Extracted data entries
------------------------------

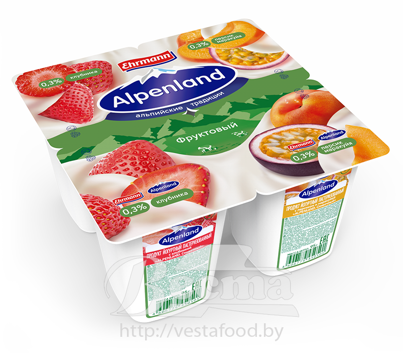 "Alpenland.Фруктовый" с клубникой/персиком и маракуйей, продукт йогуртный пастериз.,мдж 0,3%, 95г, 1/24
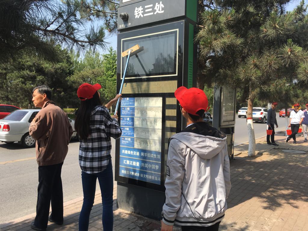 活动于27日下午2点正式开始,城建学院志愿者负责的是山东堡立交桥至森林逸城路段,需要把该路段的所有公共设施,如公交站牌、垃圾箱、公共自行车停放处等设施清洗干净。全体志愿者顶着烈日骄阳,认真的清洗每一处污渍和灰尘。
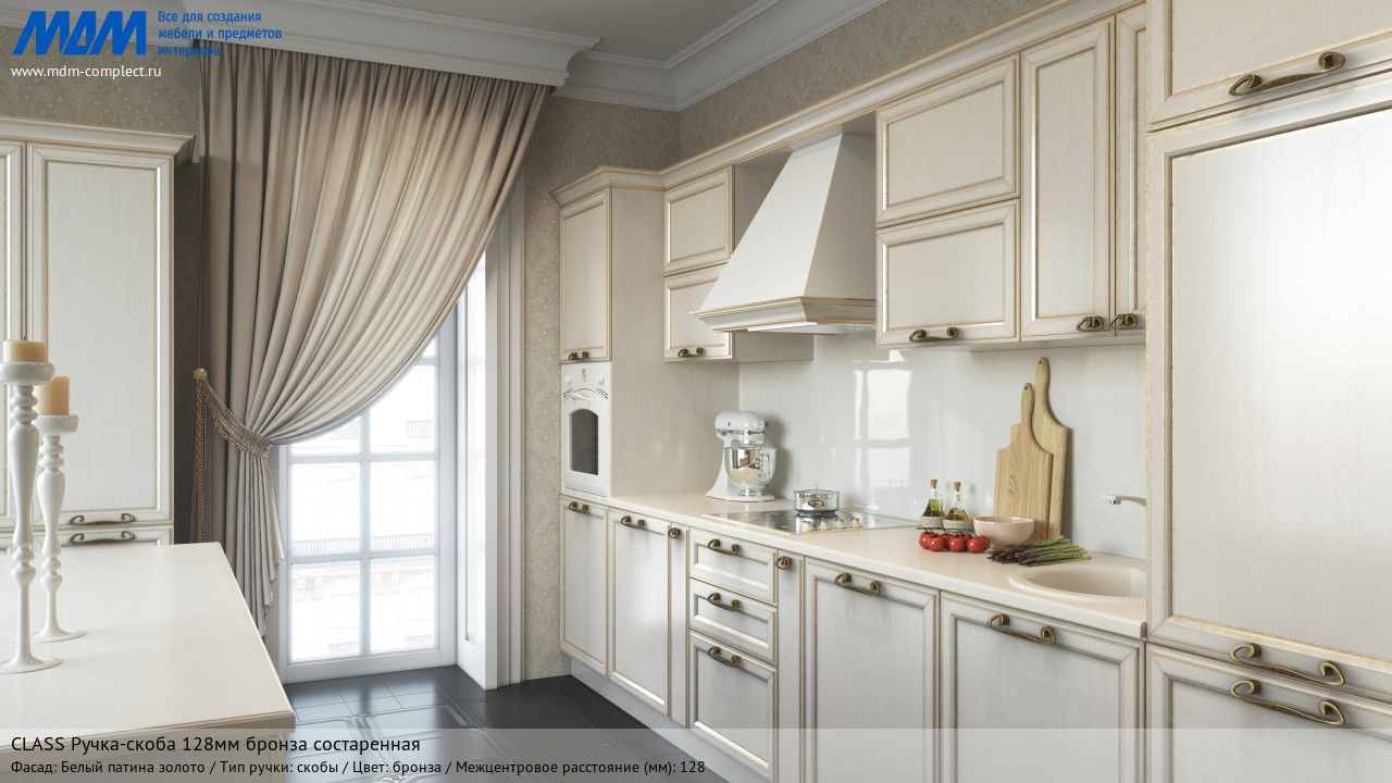 Мебельная class ручка-скоба 128мм бронза состаренная на различных фасадах в кухонном интерьере в стиле классика.
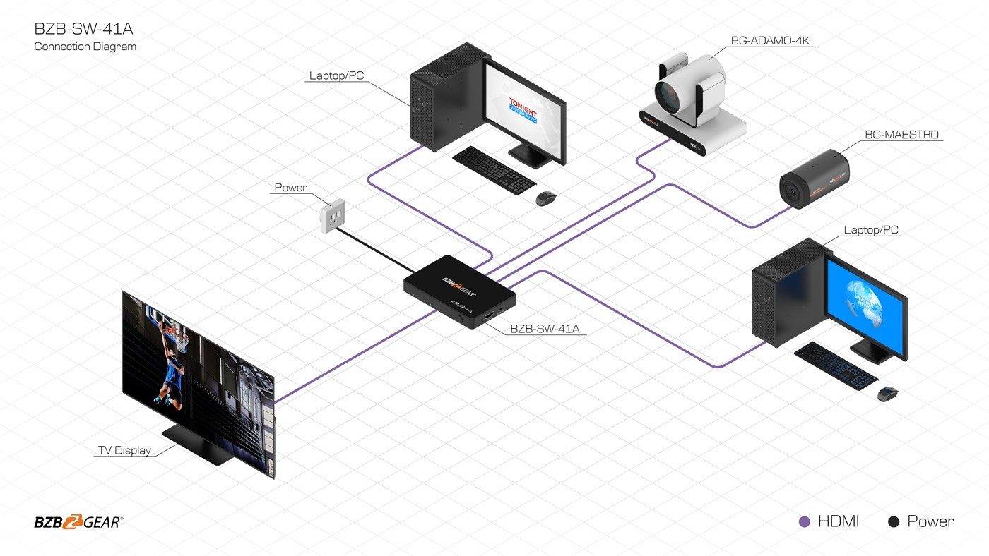 - HDMI Output: Connect to an HDMI display to view the input signal sources.
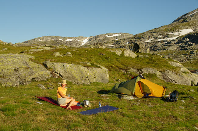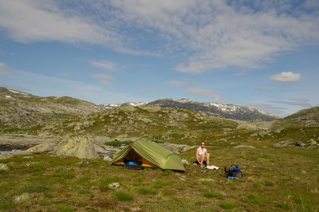 Ein Stück von Hallingskeid entfernt suchen wir uns als erstes einen Platz für unser Zelt an einem Gletscherbach. Damit konnten wir den Rest des Tages mit leichtem Gepäck fahren
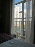 Проживали в апартаментах на 21 этаже неделю. Вид из окна красивый. Приятно проводить на балкончике чаепития. Вода водопроводная хорошая, кожу не сушила, есть фильтр питьевой воды - вода без посторонних привкусов. В номере было дополнительное одеяло, но отсутствовал второй комплект белья. Учитывая, что заселяются семьями, и есть раскладной диван, второй комплект постельного белья должен быть. Также на троих была всего одна зубная щётка и одна пара тапочек, но эту ситуацию оперативно разрешили 👍🏻 Через три дня интересовались требуется ли уборка. Посуда была чистая. Для туристов отличное и комфортное место проживания. На мой взгляд до метро далековато пешком, но ничего не поделаешь) Ещё рядом парк, пруд с утками, музей блокады Ленинграда.

------------------------------

*What to produce:* Please print the lines above word for word, starting at the one with "Мебельная class ручка-скоба" and ending at the one with "Ein Stück von", both included, and without any picture.

*Reply to the task:*
 Мебельная class ручка-скоба 128мм бронза состаренная на различных фасадах в кухонном интерьере в стиле классика.
 - HDMI Output: Connect to an HDMI display to view the input signal sources.
 Ein Stück von Hallingskeid entfernt suchen wir uns als erstes einen Platz für unser Zelt an einem Gletscherbach. Damit konnten wir den Rest des Tages mit leichtem Gepäck fahren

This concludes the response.